Uncritical, Selfish, and Fair-minded Critical Thinkers
Paul, Binker, and Weil

A basic, though abstract, explanation for the differences between uncritical, slefish critical, and fair-minded
critical persons is given in the following brief characterizations:
1. Uncritical persons are those who have not developed intellectual skills; persons who are naïve, conformist,
easily manipulated, often inflexible, easily confused, typically unclear, narrow-minded, and consistently
ineffective in their use of language. They may have a good heart but they are not able to skillfully analyze the
problems they face so as to effectively protect their own interest.

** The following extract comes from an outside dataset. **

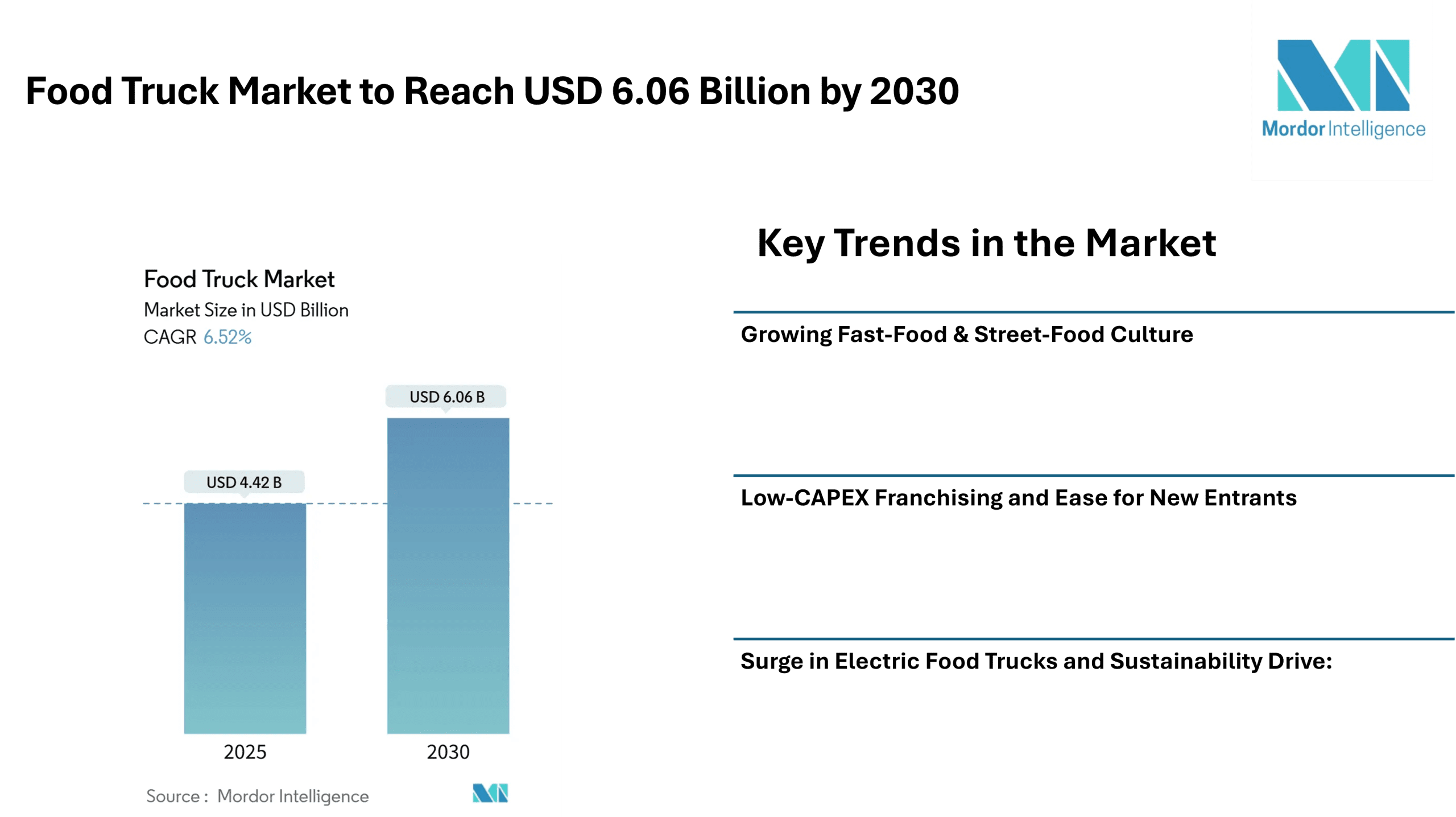 Low-CAPEX Franchising and Ease for New Entrants: Compared to opening a traditional brick-and-mortar restaurant, launching a food truck requires lower initial investment. This makes the food truck market accessible to entrepreneurs and small-business owners.
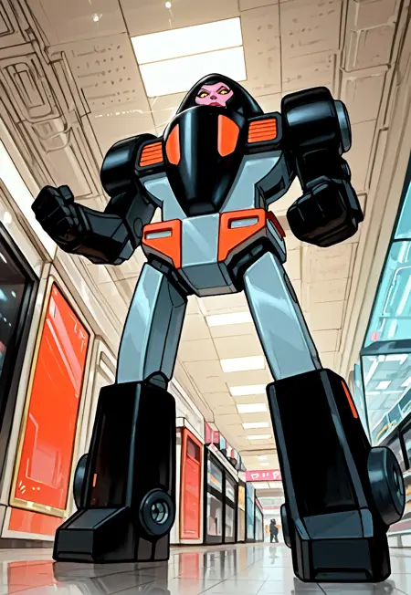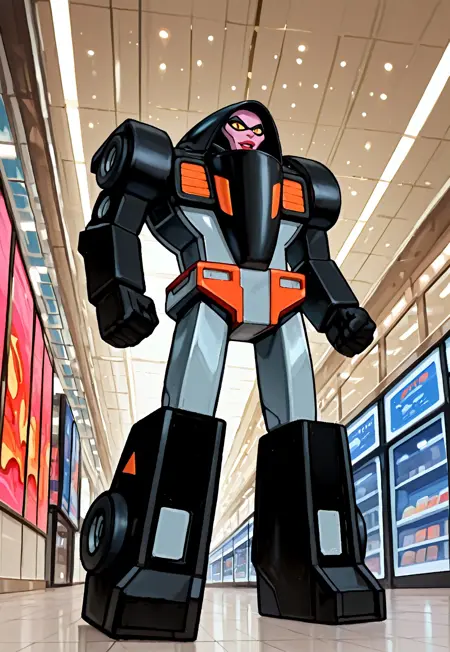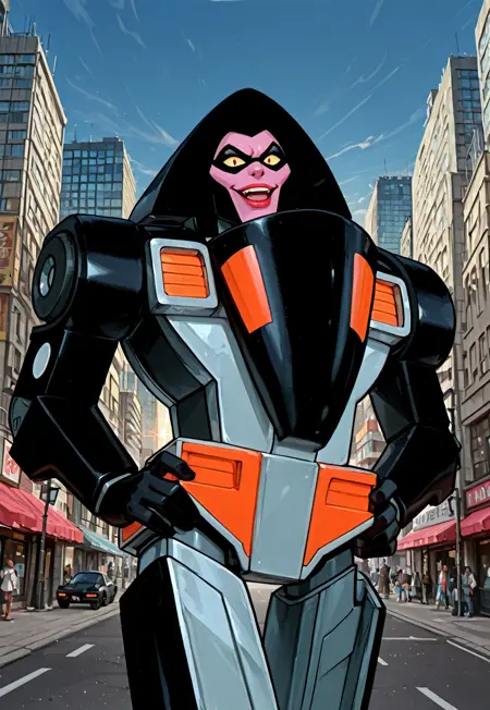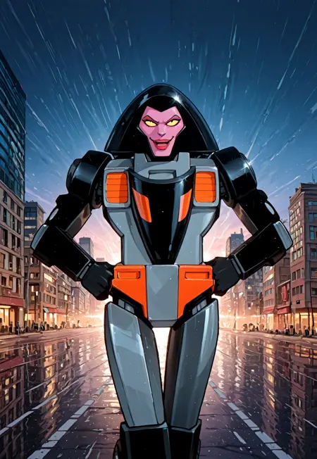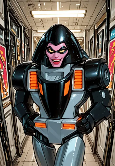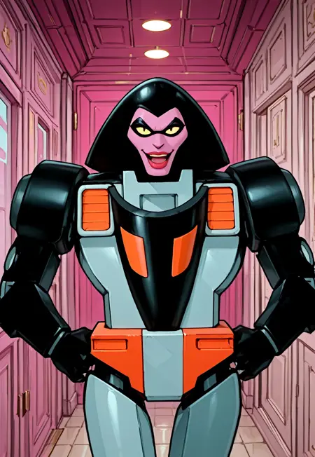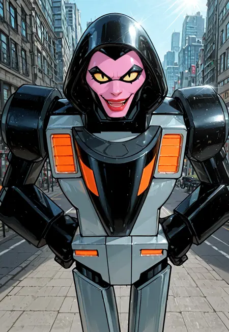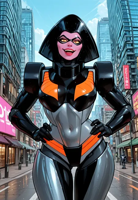 Crasher_Bot、ロボット、黒とシルバーのロボット、ドミノマスク、オレンジ色の細部、女性、ピンク色の顔、赤い唇、黄色の虹彩、黒い瞳孔、オレンジ色の排気口、黒い腕、黒い胸板、黒いヘルメット

2. Selfish critical persons are skilled thinkers who do not genuinely accept the values of critical thinking;
persons who use the intellectual skills of critical thinking selectively and self-deceptively to foster and serve
their vested interest (at the expense of truth). They are typically able to identify flaws in the reasoning of
others and refute them and to back up their own claims with plausible reasons; by doing so they have not
learned how to reason emphatically within points of view with which they disagree.
3. Fair-minded critical persons are skilled thinkers who do accept and honor the values of critical thinking;
persons who use the intellectual skills of critical thinking to accurately reconstruct the strongest versions of
points of view in conflict with their own and to question deeply their own framework of thought. They try to
find and correct flaws in their own reasoning and to be scrupulously fair to those with whom they disagree.